Wahrscheinlich ist diese Statue jedoch eine reine Erfindung des
Künstlers. Man kann leider nicht mehr feststellen, da das Kloster
bei den Kämpfen weitgehend zerstört wurde. Die Statuen auf dem
Dach wurden aber auf jeden Fall von Lejeune durch Aasgeier ersetzt.
Dadurch wird bereits an diesem frühen Beisiel deutlich, wo die Historienmalerei
an ihre Grenzen stieß. Der detailverliebte Realismus reichte dem Küstler
offenbar nicht, um das von ihm selbst erlebte Grauen auszudrücken. Er musste
zur dramatischen Inszeierung zusätzlich noch Symbole bemühen.
Man könnte diese Galerie fast beliebig fortsetzen.
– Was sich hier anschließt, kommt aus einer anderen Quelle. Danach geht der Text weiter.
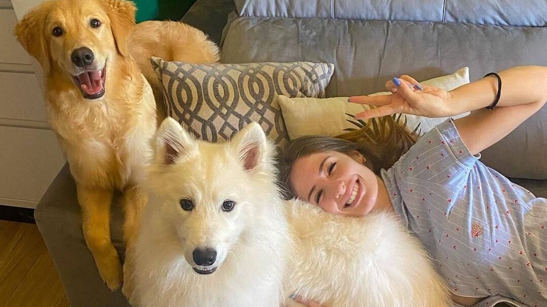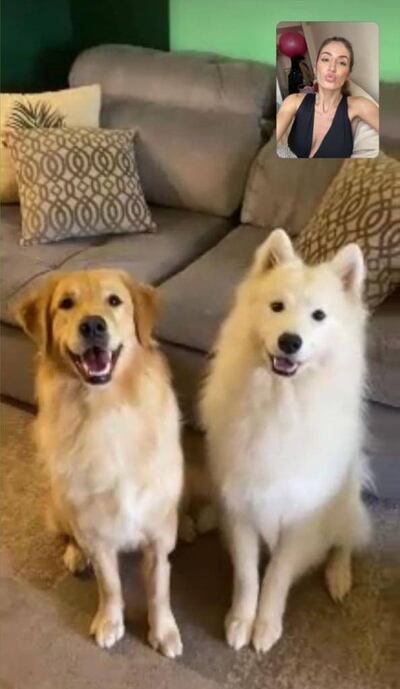 La modelo compartió cómo se conecta con sus mascotas desde la distancia. Lo hace a través de videollamadas y lo simpático es que los dos se ponen a mirarle atentamente, mueven la cabeza de un costado a otro como señal de que le están escuchando. Sus dos perrhijos son su vida, estando acá ella son inseparables, por lo que ahora que viajó casi a diario se comunica con ellos por videollamadas.

Es geht uns
jedoch hier nicht darum, jedes einzelne Bild zu interpretieren, sondern wir möchten
lediglich den Betrachter auf einige Elemente aufmerksam machen, die er dann selbst
immer wieder aufs neue entdecken wird.
Diese Inszenierung des Spektakels, ganz besonders die spektakulären Lichteffekte
hatten große Auswirkungen auf die Entwicklung des
Films. Sie wurden dort aufgegriffen und
weiterentwickelt, als es mit der Historienmalerei längst vorbei war.
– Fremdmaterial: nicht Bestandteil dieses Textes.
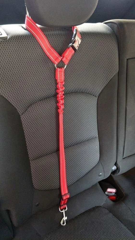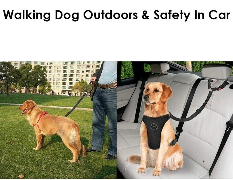 Bien hecho y detalles perfectos.--- La hebilla de liberación rápida bloqueable de este cinturón de seguridad es resistente y el hardware es todo de metal, mientras que las correas están hechas de nailon duradero. El diseño de costura reflectante lo hace ideal para uso nocturno. La cuerda elástica ayuda al perro a evitar tirones con un movimiento repentino.

Licht und die Anordung der Figuren, um Spannung und Dynamik zu erzeugen, beeinflussten
aber auch die Fotografie, die ja auch weniger zeigt "wie es war", sondern wie "es gewesen
sein sollte".
Iwo Jima

Jedem bekannt ist das berühmte Foto von der Flaggenhissung auf
Iwo Jima. Weniger bekannt ist dagegen, dass es sich beim dem linken Bild
um das "langweiligere" Original handelt, das dann erst im Stil eines Historiengemäldes
aufgepeppt wurde.
Demonstration im Libanon

Großer Beliebtheit erfreuen sich gerade in neuester Zeit Fotos von
Demonstrationen, bei denen eine hübsche, Fahnen schwingende, junge
Frau ins Zentrum gesetzt wird. Wenn zudem noch das Licht günstig auf
ihr Haar fällt, reicht es vielleicht schon auf eine Titelseite. Dass
es sich dabei um ein Zitat von Delacroix handelt, ist kaum jemandem bewusst.